I for one
welcome our less active Galactic black hole overlord.
About 25,000 light years from earth, nestled in the center of our galaxy, lurks a supermassive black hole. Luckily for us, our galaxy's matter-sucking hub is far less active than those at the core of many other galaxies. If it weren't, we'd all be dead. Or, more likely, our earth would never have come to be in the first place …
worst case, they get to hang around long enough that they radiate away their entire mass through Hawking radiation, but that's not exactly the fastest of processes going. In the meantime, they'll sit there getting on with, erm, not doing a great deal of anything
With a supermassive black hole at the center of each galaxy, and some galaxies that never achieve the right gravitational balance to survive this black hole…there much be the odd supermassive black hole wandering around that has succeeded in completely consuming it’s host galaxy. (I will, call them rogue hypermassive black holes as they would not merely be a supermassive around which a host galaxy orbits; they would have all the matter and thus gravity of an /entire galaxy/ packed into a neat travel-sized lump.) So out there, somewhere, are rogue hypermassive black holes with no orbiting galaxy, no accretion disk. Apart from the gravitational lensing they would provide to light, they are completely undetectable. If one of these rogue hypermassive black holes were to intersect with a galaxy, the gravitational stresses would the victim galaxy apart. Even a “close pass” with a rouge hypermassive black hole might be enough to destabilize a galaxy. Once destabilized it would begin to once more spiral into the supermassive black hole at its center. (IIRC, all galaxies essentially start off “donating” a certain amount of their mass to their dark and death-dealing friend.)
All this of course is really different then what happens when two galaxies collide. The difference of course being you see another galaxy coming.
Now you have something new to fear! Rogue hypermassive black holes! Fantastic.
I'd be worried about floating black holes, if, as you said, they were undetectable. However there isn't a "close pass" scenario. They would have been attracted to each other from the start and would begin orbiting long before it passed by in the scenario you described. Not to mention that the universe is expanding faster than an isolated black hole could catch up with it's nearest neighbour.
First, you seem to assume that all galaxies are a) moving at the same speed (they're not) and b) moving away from each other. Galactic collisions happen all the time. A short Google can show you several galactic collisions astronomers are currently tracking. (Including some interesting issues they cause when the supermassives at the center of these galaxies once more become active; not to mention the issue of the two supermassives eventually merging.)
Furthermore, we wouldn't really be able to (depending on how long ago the hypermassive consumed its host galaxy) a hypermassive black hole. With the exception of the gravitational lensing phenomenon, it would be perfect invisible. We would notice gravitational disturbances, sure. We'd have no idea what was causing those disturbances, and astronomers would spend absolutely ages arguing everything from dark mother to the aforementioned hypermassives. (For that matter, it's entirely possible that a reasonable percentage of the "dark matter" in the universe actually is a set of hypermassive black holes.)

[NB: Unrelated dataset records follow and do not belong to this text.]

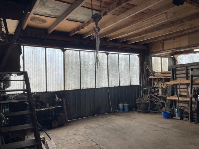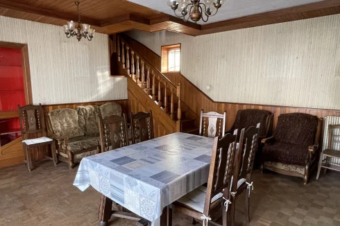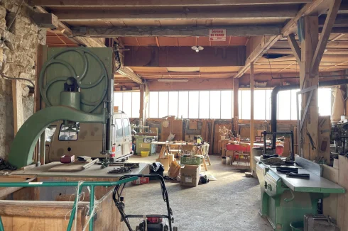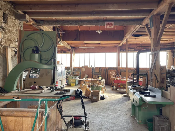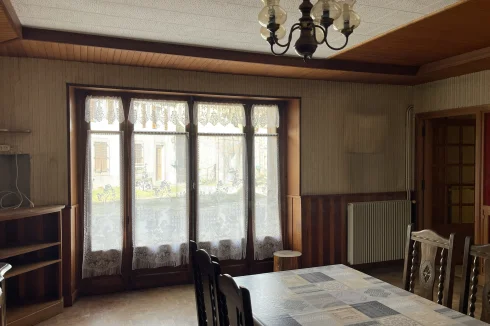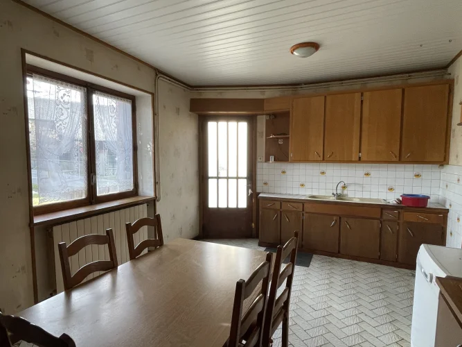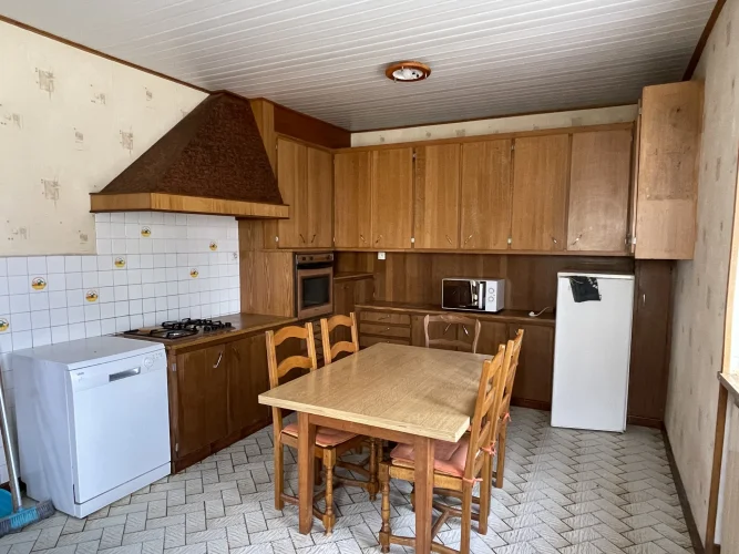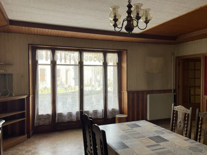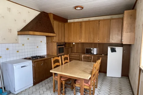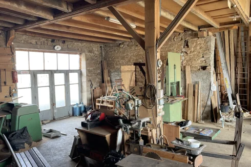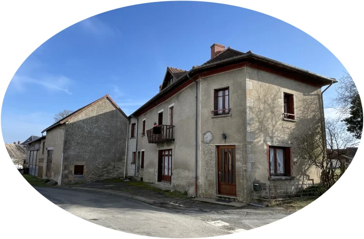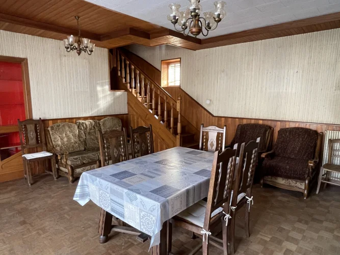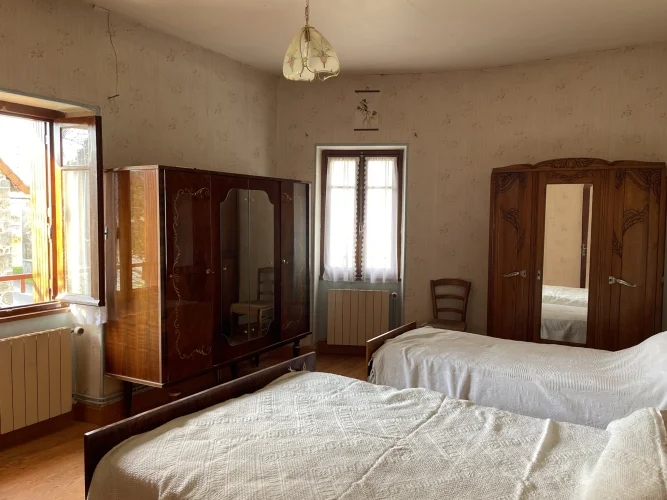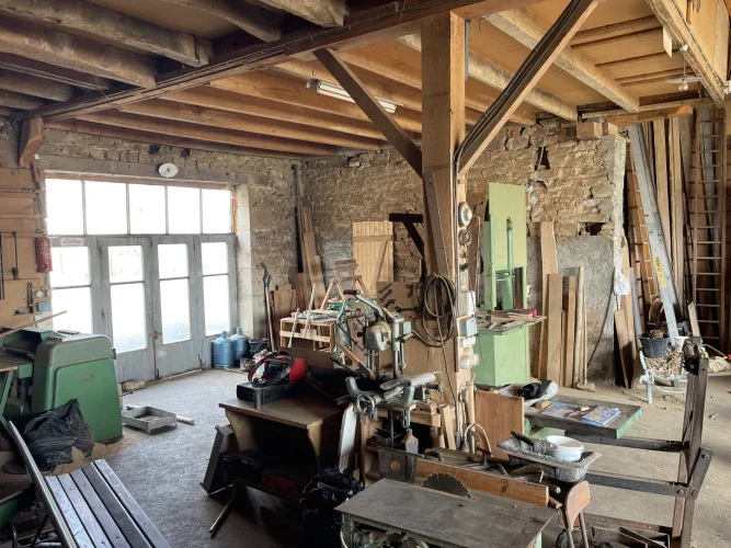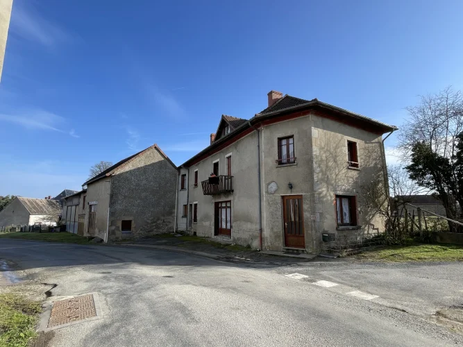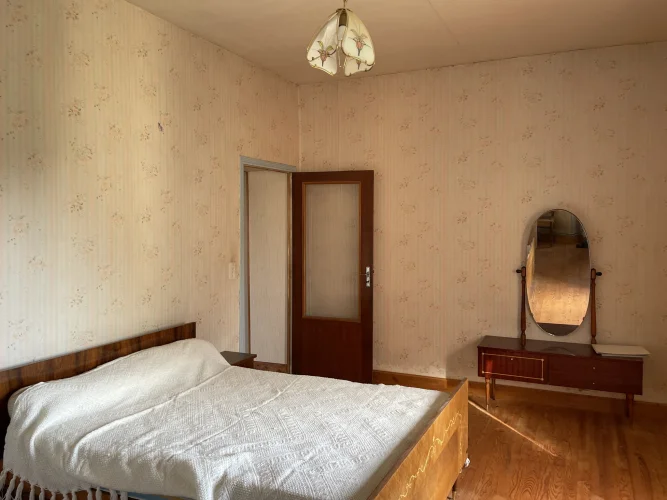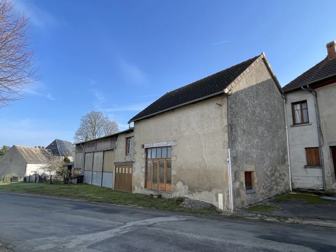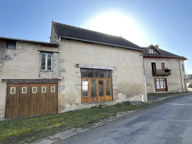 Auv 1128: Large house, many outbuildings, garden, tranquil, 1400m2Are you looking for the combination of a very spacious residential house, a huge workshop, and a garden? Then, this could be ideal. The property has multiple entrances and can thus also be converted into several residential units. Many possibilities!The built-up area is 430m2, and the garden 970m2. The garden is located entirely on the left.The entire property is peacefully situated in a small village without shops, 7 km from Pionsat.The residential house itself has a good structure but needs modernization. The electrical installation works but is old and will therefore need to be redone. There was central heating with oil, so all radiators are still present, but the defective boiler has been removed.Through the front door all the way to the right, you enter the spacious kitchen (20m2, height 2m65) with tiled floor, wooden kitchen cabinets, and like in the entire house, oak single glazed windows and a door with single glass. Plenty of natural light.Next to the kitchen, there is a spacious living room (29m2) with a 4-fold window-door combination at the front, oak parquet flooring, and at the back, the beautiful oak staircase leading to the upper floor.Additionally, there is a room of 15m2 with a front door, window, built-in closets.Further on, there is a utility room (16m2) with a tiled floor, connections for the central heating, a separate toilet, and a door with an indoor entrance to the workshops.Cellar.On the first floor, there is a spacious hallway (10m2, height 2m80) with pine wood floors in good condition. There is a bathroom (13m2) with a shower, bathtub, vanity unit, sink, bidet, and a separate toilet, and a large window overlooking the church over the roof of the workshop.The bedrooms all have windows at the front of the house, the 2 smallest rooms (9.5 and 11.5m2) are connected by a door, and one of them gives access to the bathroom and a large attic (45m2) above a part of the workshop. Further down the hallway, there are the larger rooms, one of 18m2 with a large window and double glass doors leading to a small balcony, and a door to the attic above the original residential house (ridge height 2m80).On the gable end, there is the largest room of 20m2 above the kitchen, with windows on 2 sides.The former workshops have a total cadastral area of an impressive 300m2. The interior dimensions are approximately 22m by 15m. On the street side, there are several entrances with doors and gates. There is also plenty of light coming in from the back, with translucent windows. The land at the back does not belong to the property. The roof of the workshop is made of asbestos sheets.The village has no mains sewage system, so a septic tank installation will need to be installed, adapted to the project.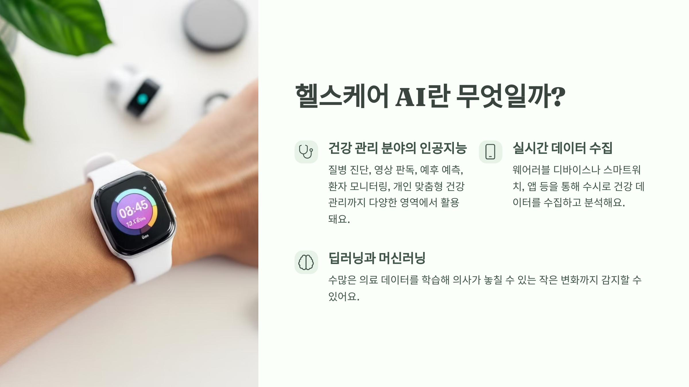 헬스케어 AI는 말 그대로 '건강 관리 분야에서 인공지능을 활용하는 기술'이에요. 질병 진단, 영상 판독, 예후 예측, 환자 모니터링, 개인 맞춤형 건강관리까지 다양한 영역에서 빠르게 확산되고 있죠.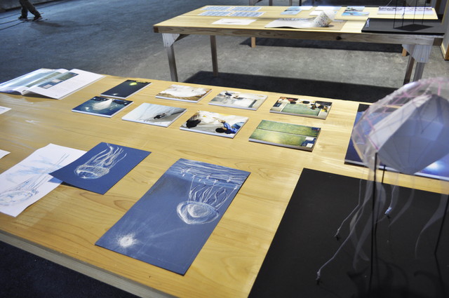 過去6年間の制作活動を、模型、ドローイング、写真などで紹介する傍ら、徳島市内を網目状に流れる河川の流れが、海というひとつの集合体へと収束する過程をテーマとした気球を制作し、展示期間の終盤に、展示会場に訪れた人とのフライトを試みた。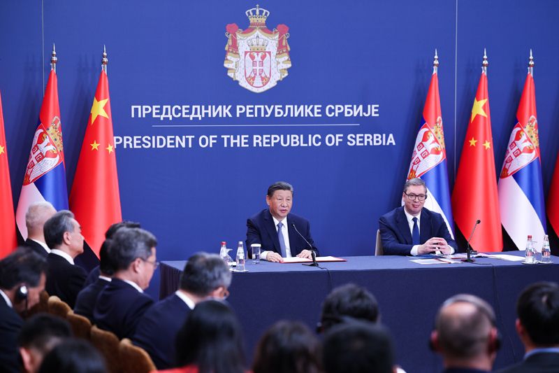 習(xí)近平首先代表中國(guó)政府和中國(guó)人民,向武契奇總統(tǒng)和塞爾維亞政府和兄弟般的塞爾維亞人民致以誠(chéng)摯問(wèn)候。

Now, humorous "you should fear this so the government can take away more tf your rights" aside, I am perfectly aware that a hypermassive black hole is not going to come barrelling through our galaxy unannounced, particularly within our lifetimes. We would detect the gravitational disturbance of a hypermassive black hole headed our way at the latest as soon as it started pulling the edge systems off of our galaxy. This would give us, what, a quarter million years to ponder our fate?
Still, the idea of rogue hypermassive black holes slaloming around the universe periodically intersecting with (and subsequently either consuming or gravitationally disturbing to the point of partial if not total collapse) other galaxies is kind of cool. I even read somewhere (gods know if I can remember where,) that certain categories of globular cluster are probably the result of galactic collisions. (They were ejected from their host galaxy.) Others are likely the result of “near misses.’ Some astroboffin or other figured out how to tell them apart and much fun was had. In theory, since a hypermassive black hole would have the same gravity as an entire galaxy, it would be more than capable of causing the same phenomena.
While I certainly don’t think we should all run around freaking out that an unseen rogue hypermassive black hole will rampage through our galaxy in our lifetimes...knowledge that in 4.5ish billion years we are (by some calculations) scheduled to crash into the Andromeda galaxy should very well have us all freaked out.* Think of the children!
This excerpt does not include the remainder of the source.